C = Citrate Synthetase
A = Aconitase
I = Isocitrate dehydrogenase
K = α-Ketoglutarate dehydrogenase
S = Succinyl CoA synthetase
S = Succinate dehydrogenase
F = Fumarase
M = Malate dehydrogenase
Mnemonics for citric acid cycle
“Angry Crow Is Again Singing, Sweet, Funny, and Melody Oh ooo.”
A = Acetyl CoA
C = Citrate
I = Isocitrate
A = alpha-Ketoglutarate
S = Succinyl-CoA
S = Succinate
F = Fumarate
M = malate
O = oxaloacetate
Does the citric acid cycle produce CO2?
Yes, the citric acid cycle produces two molecules of CO2, the first molecule in the conversion of isocitrate to α-ketoglutarate and the second molecule in the conversion of α-ketoglutarate to succinyl-CoA.

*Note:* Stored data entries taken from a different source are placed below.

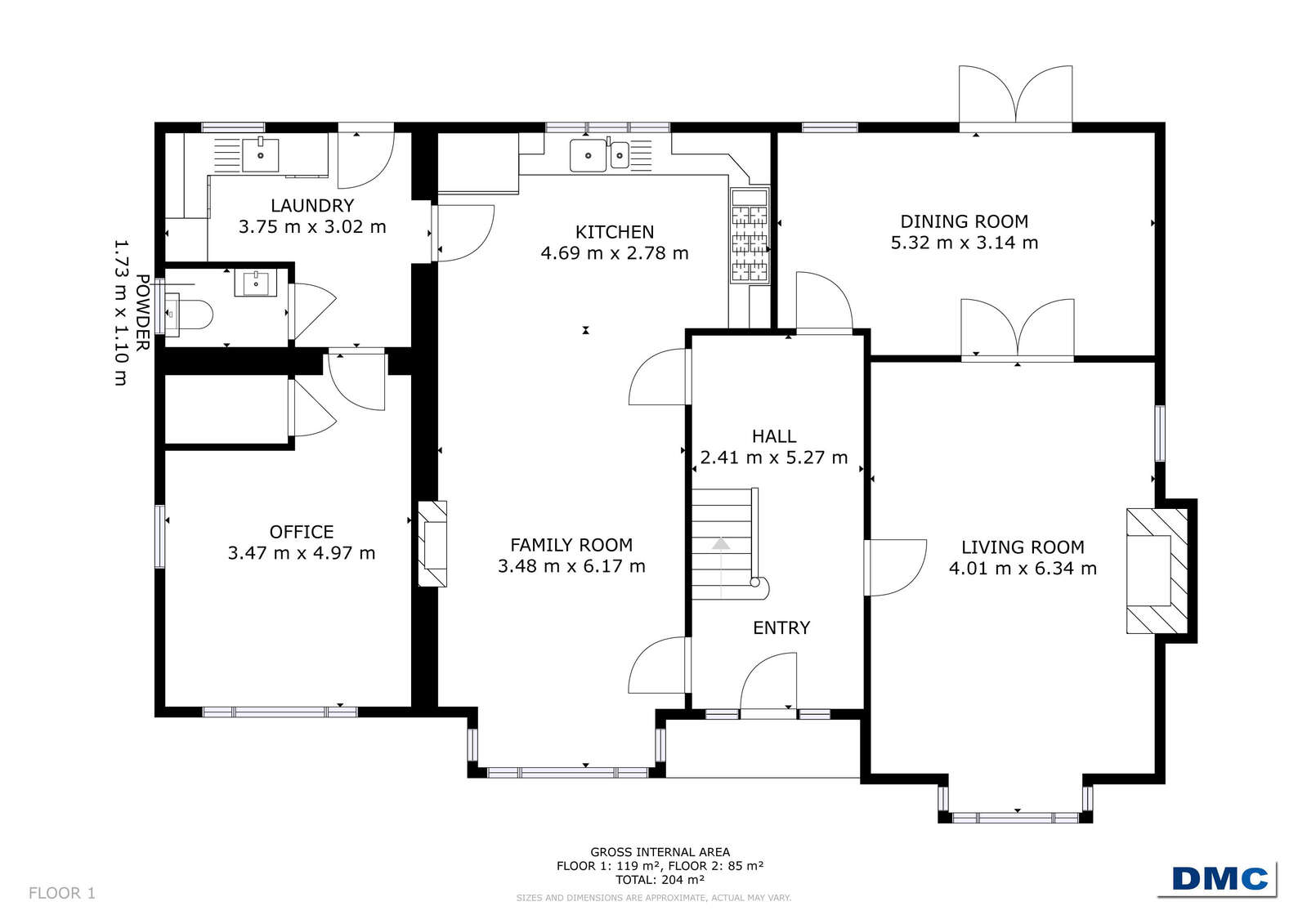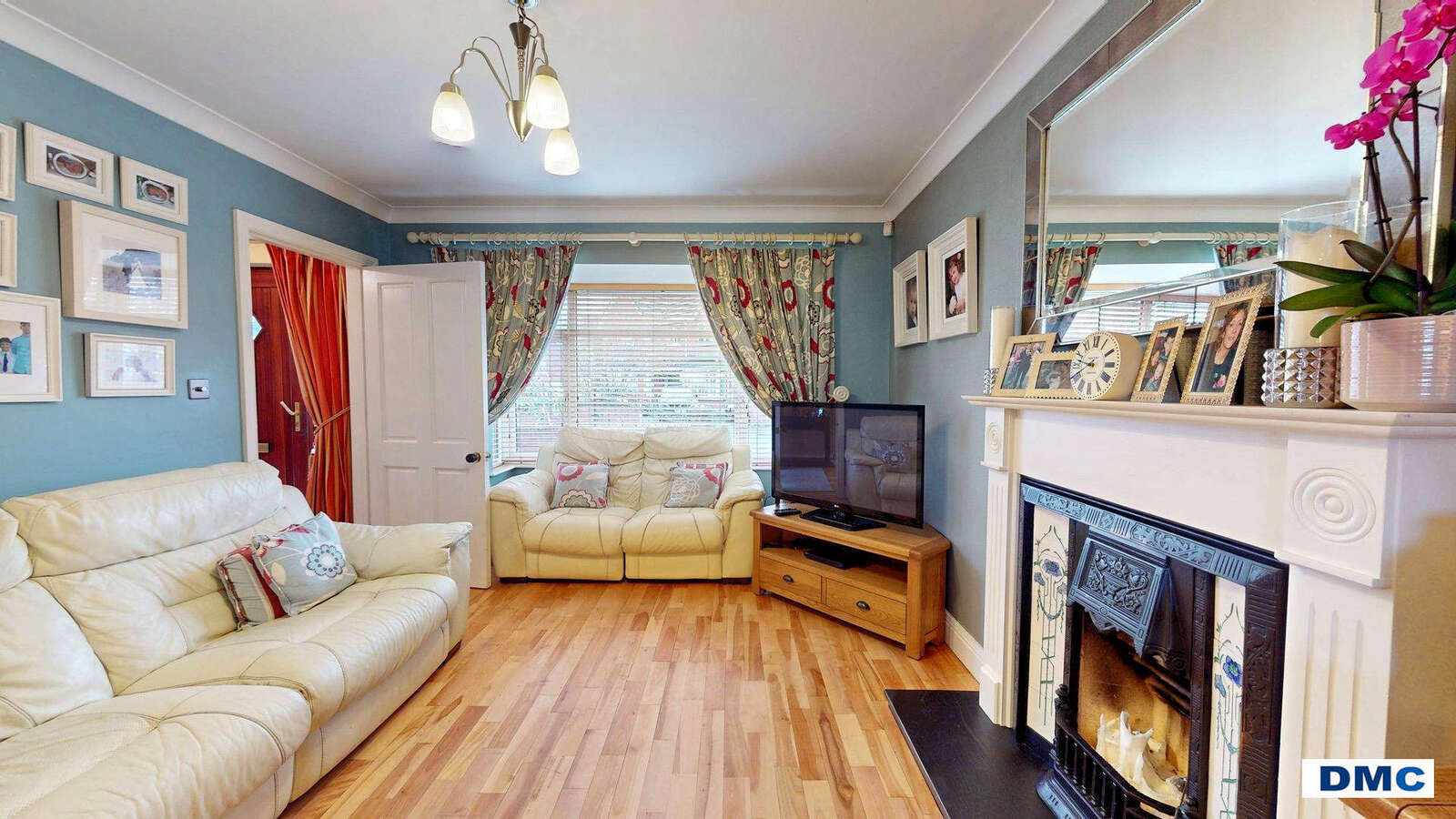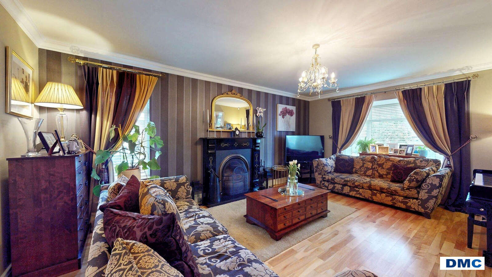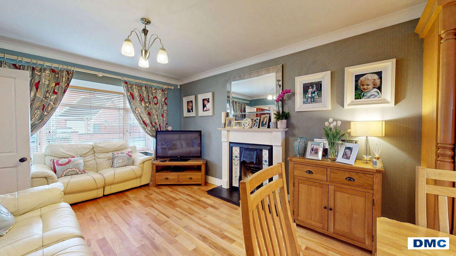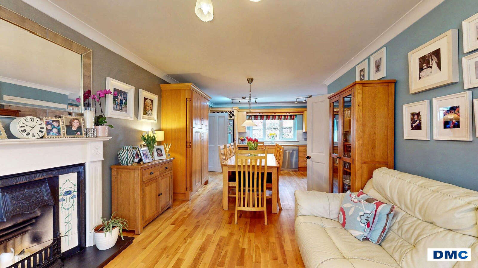 concealed extractor fan. Family Room with feature cast iron fireplace, large bay window and ceiling cornicing.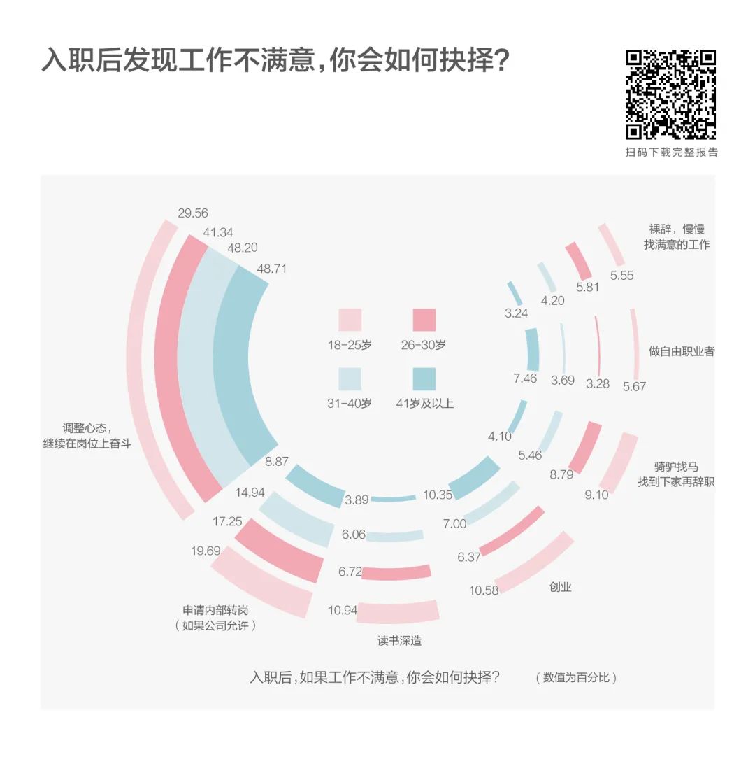他们同其他年龄段一样,优先选择是“调整心态,继续在岗位上奋斗”,其次是“申请内部转岗”“ 读书深造”“ 创业”或者“骑驴找马、找到下家再辞职”。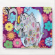 Cute Hippie Elephant with Colourful Flowers Mouse Pad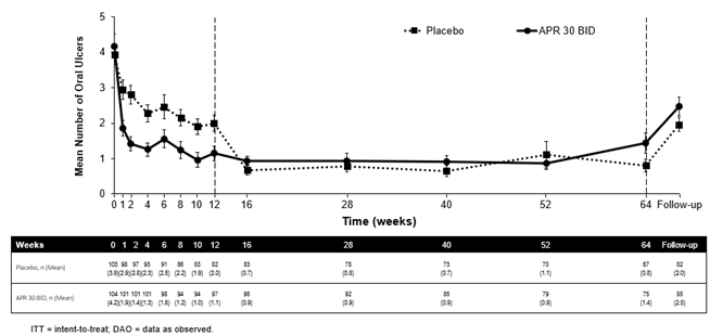Der primäre Endpunkt war die Fläche unter der Kurve (AUC) für die Anzahl der oralen Ulcera von der Baseline bis einschliesslich Woche 12. Die sekundären Endpunkte umfassten andere Parameter für orale Ulcera (Schmerzen durch orale Ulcera auf einer visuellen Analogskala (VAS)), Anteil von ulkusfreien Patienten (vollständiges Ansprechen), Zeit bis zum Beginn der Rückbildung oraler Ulcera und Anteil derPatienten, die eine Rückbildung von oralen Ulcera bis Woche 6 erreichten und über mindestens 6 weitere Wochen während der 12-wöchigen placebokontrollierten Behandlungsphase bei jedem Besuchstermin ulkusfrei blieben.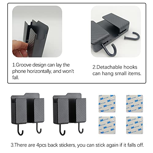 ▶ Design unico: il design cavo del supporto per telefono da parete può essere riposto e caricato, risparmiando spazio. Ci sono due piccoli ganci rimovibili nella parte inferiore, che ti aiutano a risolvere il problema quotidiano di riporre piccoli oggetti, come chiavi, cavi dati e cuffie per mantenere in ordine la scrivania.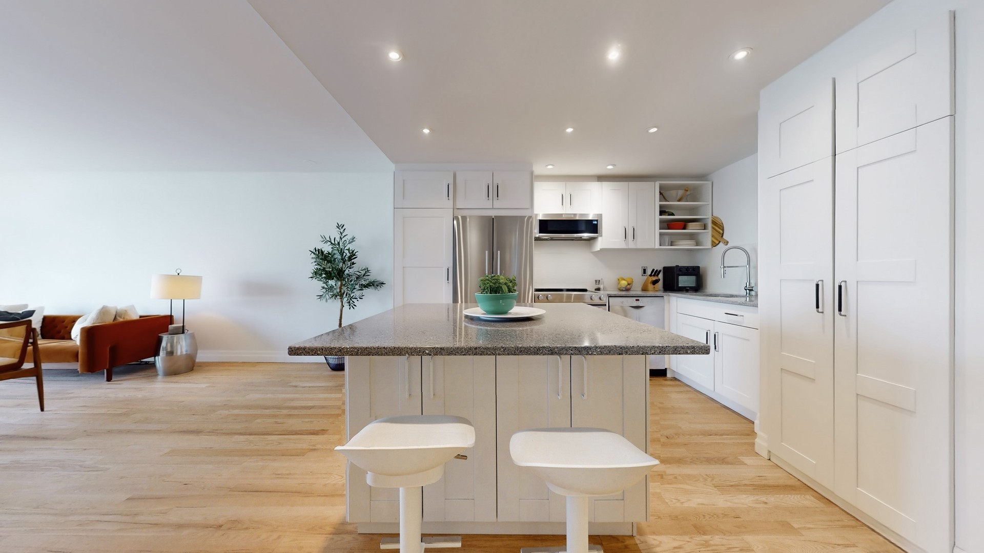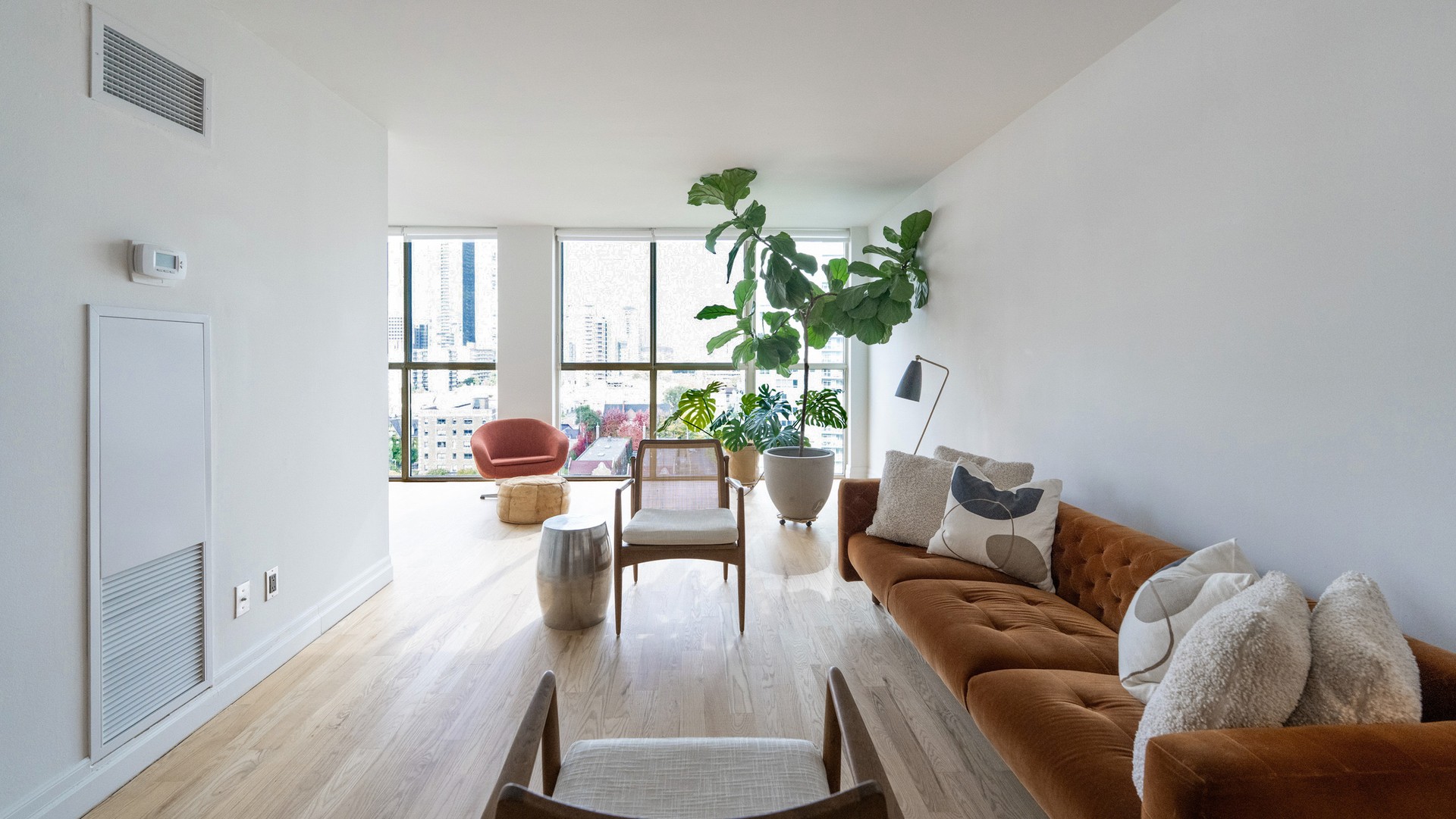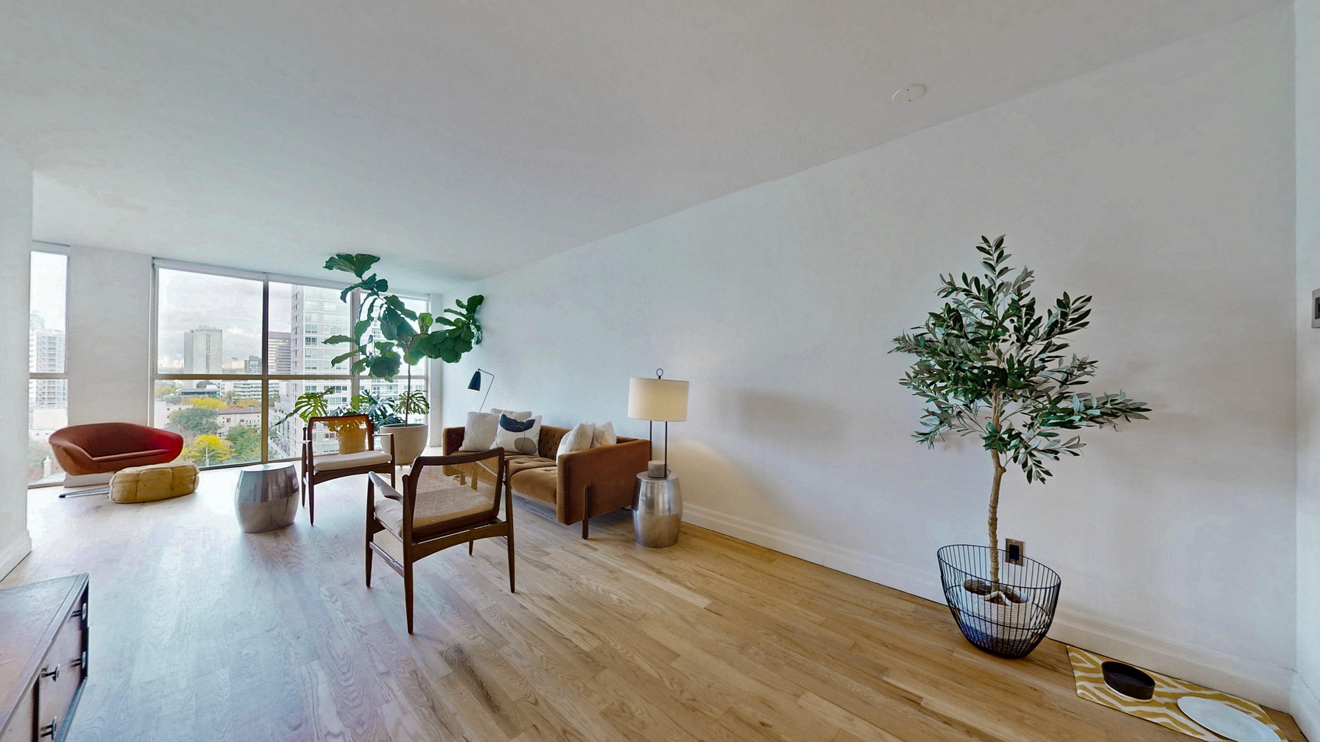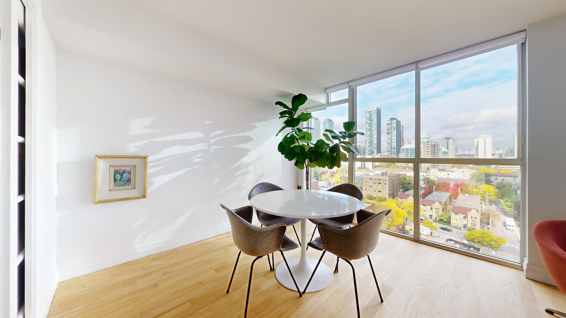 The bright, open-concept layout features a modern kitchen with centre island, updated bathroom with walk-in shower, new lighting, and vanity, and a stunning 21-foot wall of floor-to-ceiling windows showcasing spectacular city views.

What are the reactants of the citric acid cycle?
The reactants of the citric acid cycle are acetyl-CoA and oxaloacetate.
How many NADH is produced in the citric acid cycle?
3 molecules of NADH are produced in one turn of the citric acid cycle.
Where does the citric acid cycle occur in prokaryotes?
In prokaryotes, the citric acid cycle occurs in the cytoplasm.
Which electron carrier functions in the citric acid cycle?
FADH+ and NAD+ electron carrier functions in the citric acid cycle.
How many FADH2 are produced in citric acid cycle?
In one turn of the citric acid cycle, 1 molecule of FADH2 is produced.
What compounds are needed to start the citric acid cycle?
Acetyl-CoA and oxaloacetate are the starting compounds of the citric acid cycle.
What is another name for the citric acid cycle?
Citric acid cycle is also known as the TCA (tricarboxylic acid) cycle or Kreb’s cycle.
How many CO2 is produced in the citric acid cycle?
Two molecules of CO2 are produced in the single turn of the citric acid cycle.
Where does the citric acid cycle occur in eukaryotes?
In eukaryotes, the citric acid cycle occurs in the mitochondrial matrix.
Step 3 of the citric acid cycle is…
Oxidation of isocitrate to α-ketoglutarate.
Which step connects glycolysis to the citric acid cycle?
Transition reaction (conversion of pyruvate to acetyl-CoA) connects glycolysis to the citric acid cycle.